The findings are in the journal Current Biology.

Led by Professor Rowan Barrett and Ph.D. graduate Charles Xu in McGill's Department of Biology, the study enhances our understanding of the combined ecological and evolutionary processes that shape how natural communities respond to environmental changes. The findings could have implications for managing biodiversity in the face of increasing anthropogenic stressors, such as climate change and pollution, the researchers said.

The team conducted their study at the Large Experimental Array of Ponds (LEAP) at McGill's Gault Nature Reserve in Mont-Saint-Hilaire. They exposed the natural microbial communities living in the ponds to mild acidification, followed by a more severe acidification event that mimicked potential environmental stressors in real-world ecosystems.

They found that pre-exposure to stressors had an immunization-like effect: biological communities that had previously been exposed to mild stressors were better able to survive and keep their species diversity when faced with severe stressors, compared to communities that had not previously experienced those stressors.

Species sorting and evolution boost ecosystem resilience

The paper highlights the simultaneous processes of species sorting and evolutionary adaptation in freshwater bacterial communities. Species sorting is an ecological mechanism by which species tend to be more common in the habitats that are appropriate for them. Evolutionary adaptation refers to changes in the genetic traits of species that allow them to better survive or reproduce in their environments.

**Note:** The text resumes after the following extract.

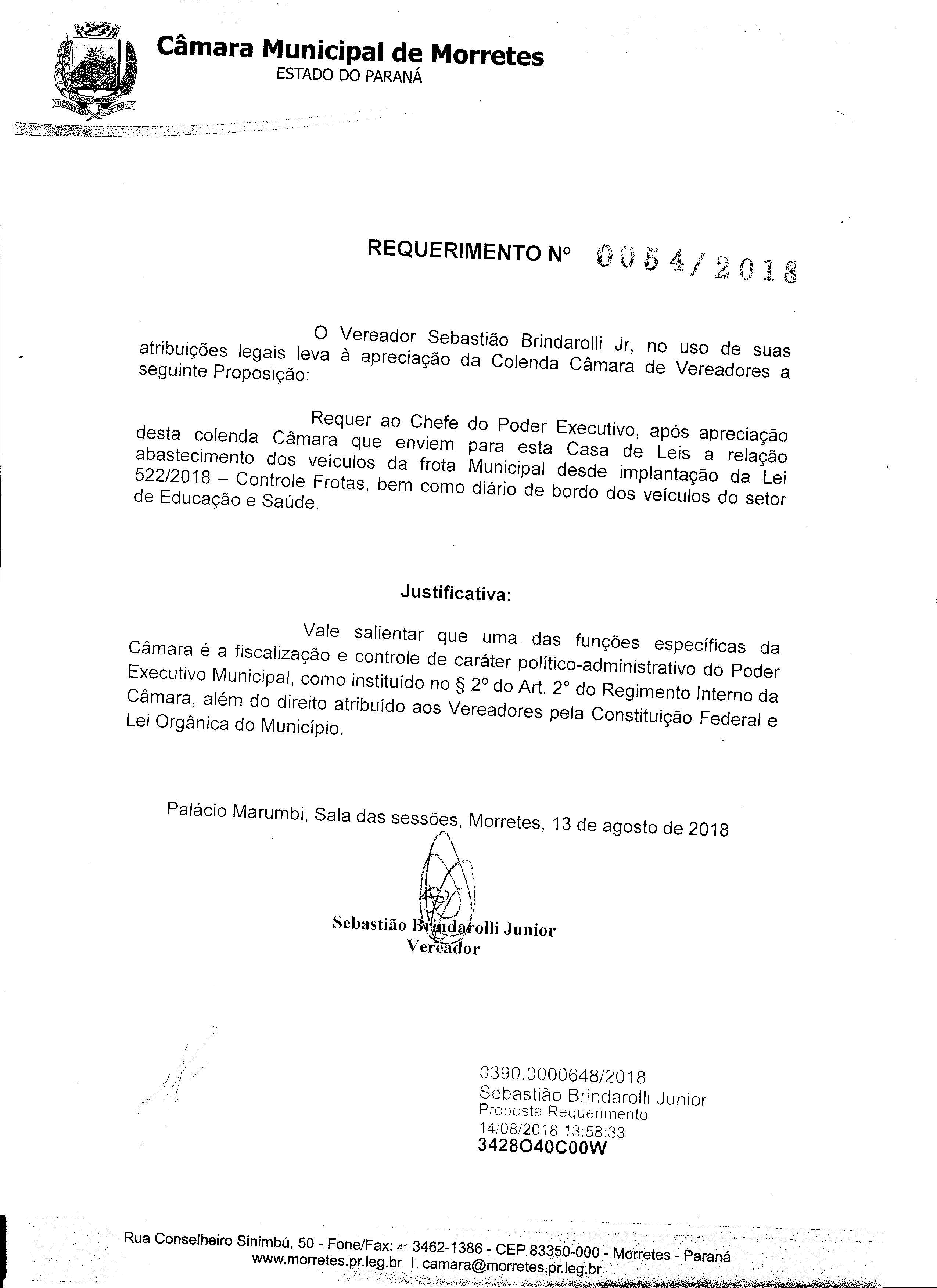 ![]() REQUER AO CHEFE DO PODER EXECUTIVO, APÓS APRECIAÇÃO DESTA COLENDA CÂMARA QUE ENVIEM PARA ESTA CASA DE LEIS A RELAÇÃO ABASTECIMENTO DOS VEÍCULOS DA FROTA MUNICIPAL DESDE IMPLANTAÇÃO DA LEI 522/2018 – CONTROLE FROTAS, BEM COMO DIÁRIO DE BORDO DOS VEÍCULOS DOS SEGUINTESSETORES:

Through metagenomic analysis, the researchers tracked the evolutionary changes in microbial species within the communities.

The study is one of the first to demonstrate both species sorting and evolutionary adaptation working concurrently within natural communities, underlining the importance of these dual processes in predicting how ecosystems will cope with climate change and other stressors. The more resilient species survived the stress, and over time, they also evolved to become even better at handling it. This combination helped the community stay more stable and diverse, even after a severe stress event.

"This research underscores the need to consider both ecological and evolutionary forces when predicting how natural communities will respond to environmental stress," said Barrett. "By integrating evolutionary responses into our models, we can make more accurate predictions about biodiversity change and improve our conservation efforts."

Next steps include further investigations into the long-term evolutionary trajectories of microbial communities and exploration of how different environmental stressors affect genetic adaptation.